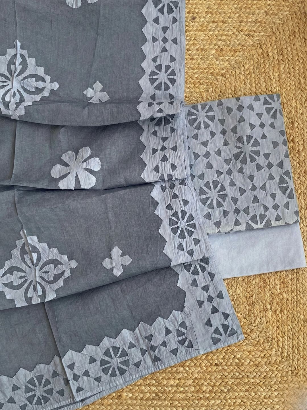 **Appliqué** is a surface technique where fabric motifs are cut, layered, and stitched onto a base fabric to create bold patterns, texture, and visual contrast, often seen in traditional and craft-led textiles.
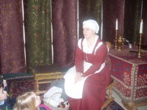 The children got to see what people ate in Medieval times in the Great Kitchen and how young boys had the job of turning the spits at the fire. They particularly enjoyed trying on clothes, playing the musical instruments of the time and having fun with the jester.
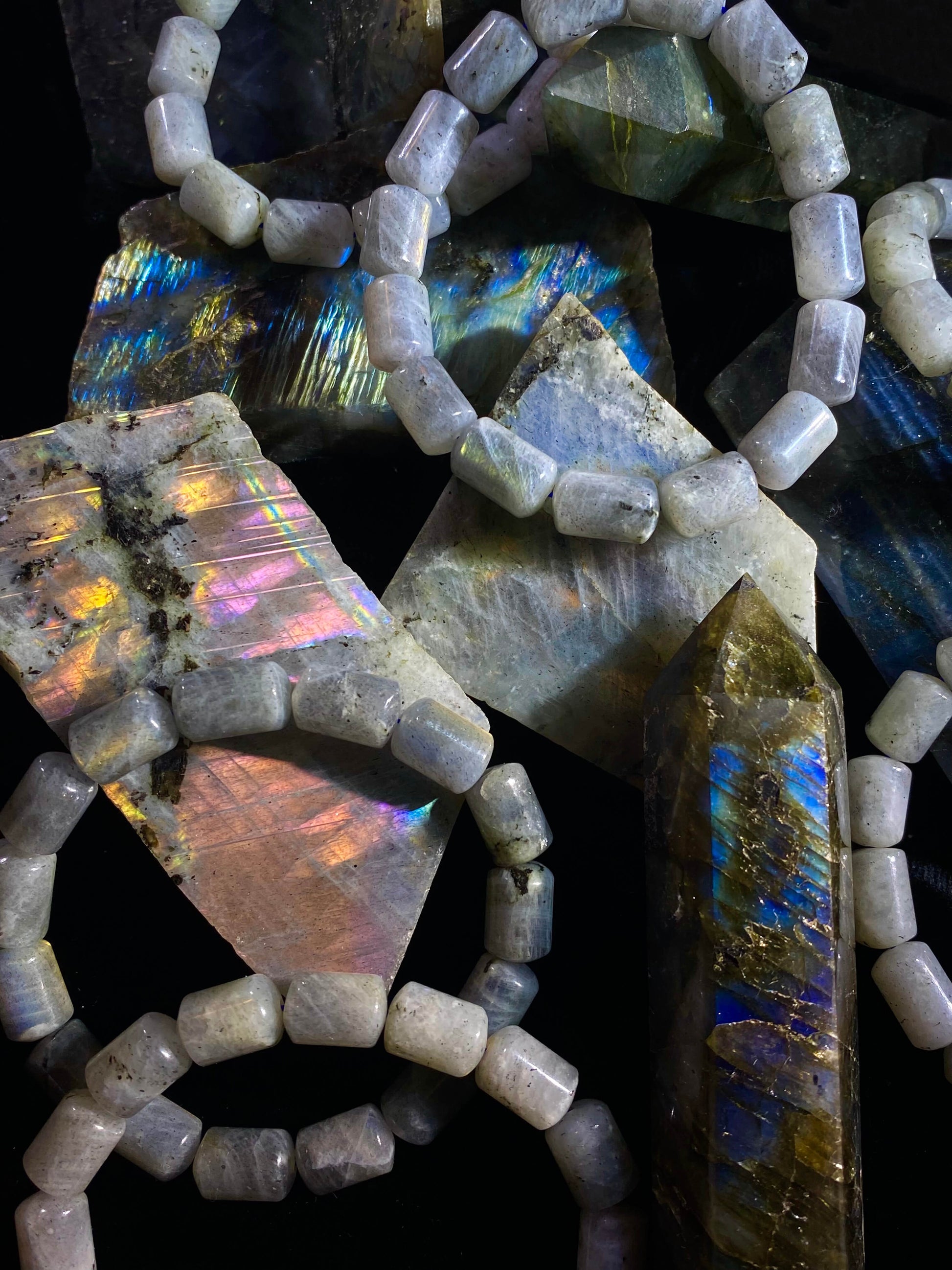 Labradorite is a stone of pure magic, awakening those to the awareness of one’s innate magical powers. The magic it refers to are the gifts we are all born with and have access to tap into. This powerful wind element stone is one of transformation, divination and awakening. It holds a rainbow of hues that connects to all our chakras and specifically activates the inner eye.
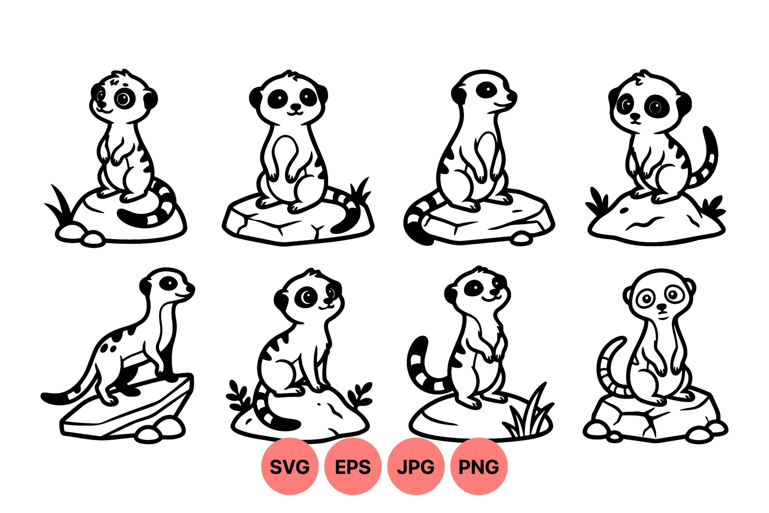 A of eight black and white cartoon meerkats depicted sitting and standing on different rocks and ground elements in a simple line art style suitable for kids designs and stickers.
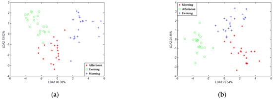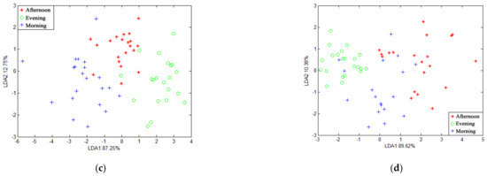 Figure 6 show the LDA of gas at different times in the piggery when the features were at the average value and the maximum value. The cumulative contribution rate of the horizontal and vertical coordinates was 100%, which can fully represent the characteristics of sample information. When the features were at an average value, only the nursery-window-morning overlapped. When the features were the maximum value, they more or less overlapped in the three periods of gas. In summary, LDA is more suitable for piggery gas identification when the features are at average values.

++++++

* Task requirements
An exact copy of the lines from the one with "Labradorite is a" through the last line of the records, inclusive, is required, with all pictures left out.

* Expected output
 Labradorite is a stone of pure magic, awakening those to the awareness of one’s innate magical powers. The magic it refers to are the gifts we are all born with and have access to tap into. This powerful wind element stone is one of transformation, divination and awakening. It holds a rainbow of hues that connects to all our chakras and specifically activates the inner eye.
 A of eight black and white cartoon meerkats depicted sitting and standing on different rocks and ground elements in a simple line art style suitable for kids designs and stickers.
 Figure 6 show the LDA of gas at different times in the piggery when the features were at the average value and the maximum value. The cumulative contribution rate of the horizontal and vertical coordinates was 100%, which can fully represent the characteristics of sample information. When the features were at an average value, only the nursery-window-morning overlapped. When the features were the maximum value, they more or less overlapped in the three periods of gas. In summary, LDA is more suitable for piggery gas identification when the features are at average values.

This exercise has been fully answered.